Deprivation of liberty
The deprivation of a person's liberty is a very serious matter and needs to be differentiated from being merely restrained. It is the views of the patient, their relatives and the professionals that determine whether the person is being deprived of their liberty. Situations to which this may apply include those in which a person is prevented from leaving or locked in, situations in which a person is restrained or situations in which a person is given mood or mind-altering drugs without consent.
The DoLS are similar to those for assessing capacity and are provided in the MCA. The safeguards are that the GP, hospital or care home must seek authorization from a supervisory body in order to be able lawfully to deprive someone who lacks capacity, of their liberty. Before giving this authorization, the supervisory body (which may be the local authority or Primary Care Trust) will need to be satisfied that the person has a mental disorder and lacks capacity to decide about his or her own treatment or residence. The DoLS make it clear that people may only be deprived of their liberty in their own best interests to protect them from harm if it is a proportionate response to the likelihood and seriousness of the harm and if there is no less restrictive alternative.
For people with mental health disorders who have to be deprived of their liberty, professionals will have to decide whether detention under the MHA or the DoLS is more appropriate. Where a patient lacks capacity to consent for treatment for mental disorder, it tends to be more appropriate to apply provisions of the MCA since it is likely to be less restrictive. However, the MHA may be more appropriate when it is not possible to give a person the treatment that they require without depriving them of their liberty. DoLS legislation will usually apply to those whose mental health legislation is not appropriate, such as those with dementia living in a care home.
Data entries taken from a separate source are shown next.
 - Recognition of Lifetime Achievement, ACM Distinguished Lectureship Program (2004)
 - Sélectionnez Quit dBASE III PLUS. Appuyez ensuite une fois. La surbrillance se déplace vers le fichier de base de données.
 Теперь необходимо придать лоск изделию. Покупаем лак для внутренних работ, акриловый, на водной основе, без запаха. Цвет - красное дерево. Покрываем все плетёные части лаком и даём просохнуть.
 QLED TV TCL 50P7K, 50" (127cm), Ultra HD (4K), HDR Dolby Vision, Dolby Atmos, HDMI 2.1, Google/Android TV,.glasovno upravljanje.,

Medical tests used to assess capacity
The doctor who assesses capacity should include the points listed in Box 5. When asked to assess a person with a learning disability, doctors should not rely solely on previous reports of an ‘estimated’ mental age that may be misleading but ensure that a current assessment is made. An assessment by a psychologist may be helpful. It is important to remember that tests of cognitive impairment that reveal impaired cognition do not automatically equate to a lack of capacity as capacity depends on the decision that has to be made.
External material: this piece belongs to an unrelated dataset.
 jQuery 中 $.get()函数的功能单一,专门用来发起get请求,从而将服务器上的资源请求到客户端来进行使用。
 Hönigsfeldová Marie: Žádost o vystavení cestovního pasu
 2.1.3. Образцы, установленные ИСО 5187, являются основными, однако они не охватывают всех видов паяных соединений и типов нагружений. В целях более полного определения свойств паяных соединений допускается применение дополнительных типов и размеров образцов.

If the assessment is being carried out at the behest of a lawyer, then it is important to ask the lawyer for details of the particular question to be answered and to explain any legal jargon. In some circumstances, it is appropriate to charge for assessing capacity.
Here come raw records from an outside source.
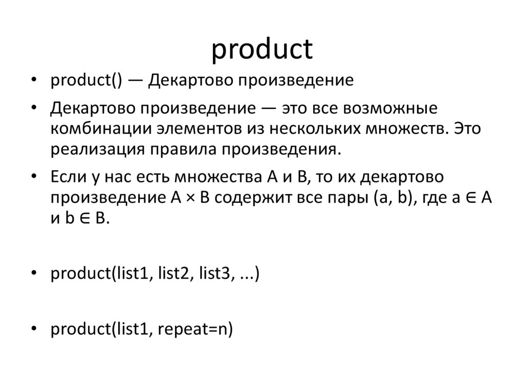 произведение A × B содержит все пары (a, b), где a ∈ A
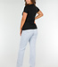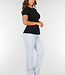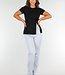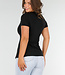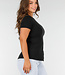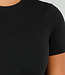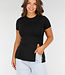 Dieses schwarze Oberteil ist aus einem Stretch-Material gefertigt, das sich dem Körper anpasst und eine eng anliegende Passform bietet. Das Oberteil hat kurze Ärmel, einen Rundhalsausschnitt und einen Schlitz auf der Vorderseite. Dank des dehnbaren Stoffes bleibt das Oberteil bequem und formstabil. Perfekt für einen lässigen Look oder einen eleganten Anlass.
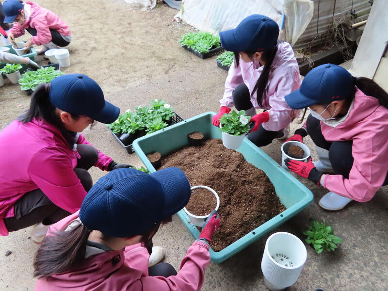 ペチュニアの管理(生活文化科) 投稿日時 : 02/27 投稿者1 1年生の授業で、ペチュニアの鉢替えを行いました! 鉢替えはカーネーションでも経験しており、全員スムーズに取組めていました 生徒同士で教え合う場面もあり、協力し合って実習に取り組む様子に1年間の成長を感じました
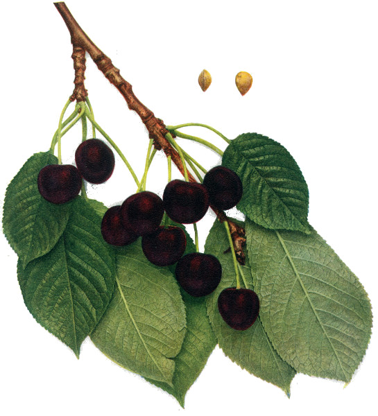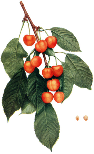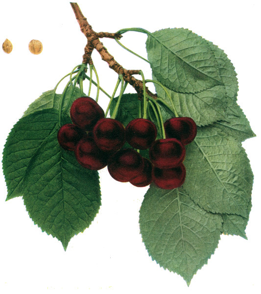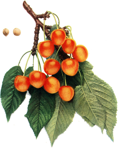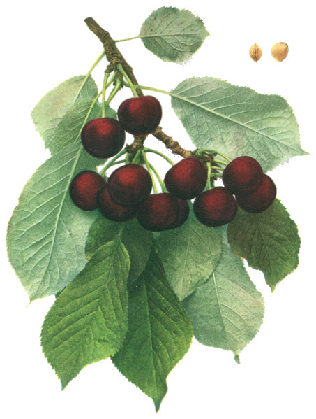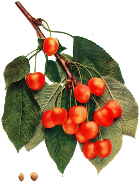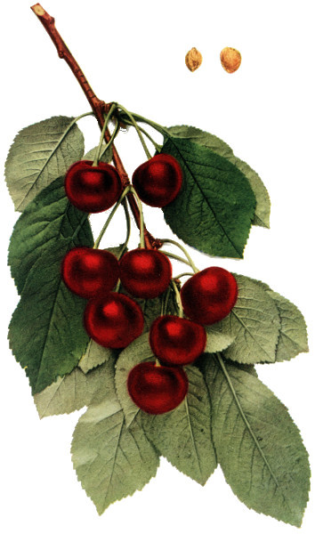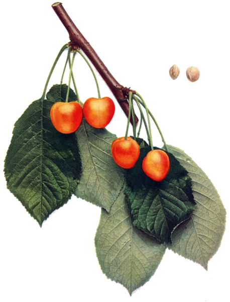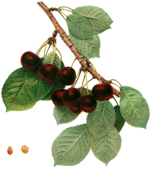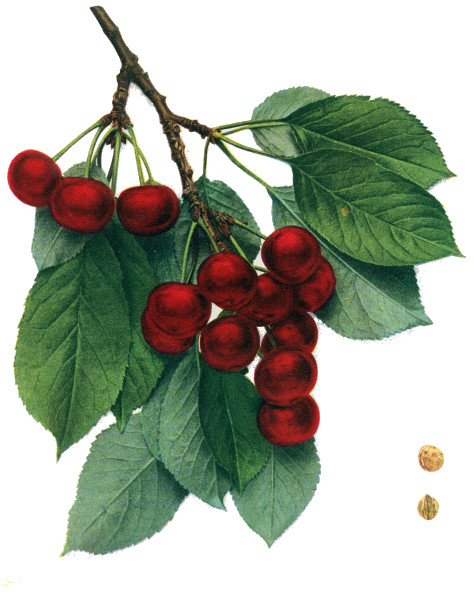 Of all organs, the fruit of the cherry is most responsive to changed conditions and hence most variable, yet the fruits furnish very valuable taxonomic characters in both botany and pomology. In pomology, in particular, the fruits must be closely studied. Size, shape, color, bloom, stem, cavity, apex, suture and skin are the outward characters of which note must be made; while the color, aroma, flavor and texture of the flesh are usually very characteristic. Both species and varieties are well distinguished by the time of ripening though there is much variation in ripening dates. The keeping quality is scarcely taken into account with cherries but varies a great deal, chiefly in accordance with firmness of the flesh. The flesh of cherries, as in all drupaceous fruits, clings to the stone or is wholly or partly free—a character of interest both to the systematist and to the fruit-grower. The color of the juice, whether colorless or red, is a plain and certain dividing line in both species and varieties.
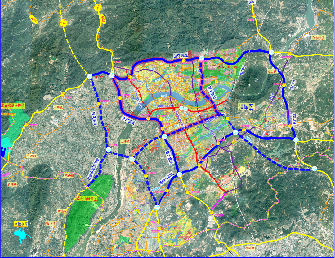 清远市中心城区环城高速公路示意图。记者12日从市交通运输局获悉,佛清从高速公路北段8月初全线开通收费运营后,由4条高速公路组成的中心城区环城高速公路全面建成。
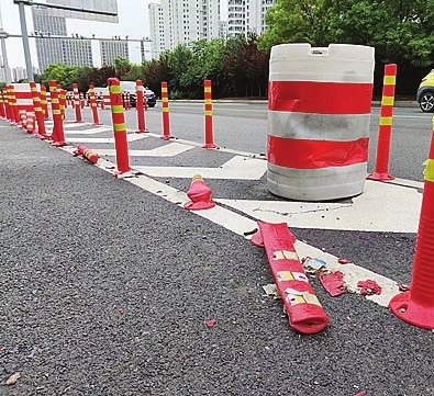 8月24日早上,记者前往现场,发现在位于新阔路与真理道交口的辅路出入口,原本设立了数十根红色的半米左右警示桩,其中的18根已经倾倒和损坏,另有12根警示桩只剩底座和螺丝,散落一地的塑料碎片让现场一片狼藉。附近商家介绍,这个情况已经出现一两个月了,受访市民希望设置单位能够及时对破损警示桩进行修复。

The doctor will usually just be giving an opinion as to the medical factors. There are sometimes factors, other than just the medical condition of a person, that can affect capacity. This may mean that the doctor's opinion is disputed and potentially the case could go to court. The Court of Protection is the final arbiter in any dispute.
A checklist of points a GP needs to cover in assessing capacity
Statutory tests in MCA
Legal tests
What does the patient need to understand to make the decision
Medical records and reports
Views of family and friends
Medical diagnosis using ICD-10 classification
Appearance and behaviour
Speech
Mood
Thought
Perception
Cognition
Orientation
Memory
Intellectual functioning
Insight
Personality disorders
Key points
The assessment of capacity can be summarized: understand, retain, weigh and communicate
Obtain detailed information before undertaking a mental capacity assessment
Always see a patient before assessing capacity
Legal tests and knowledge are needed to assess capacity competently. Be careful—capacity assessments can have legal consequences. A capacity assessment is time and place specific.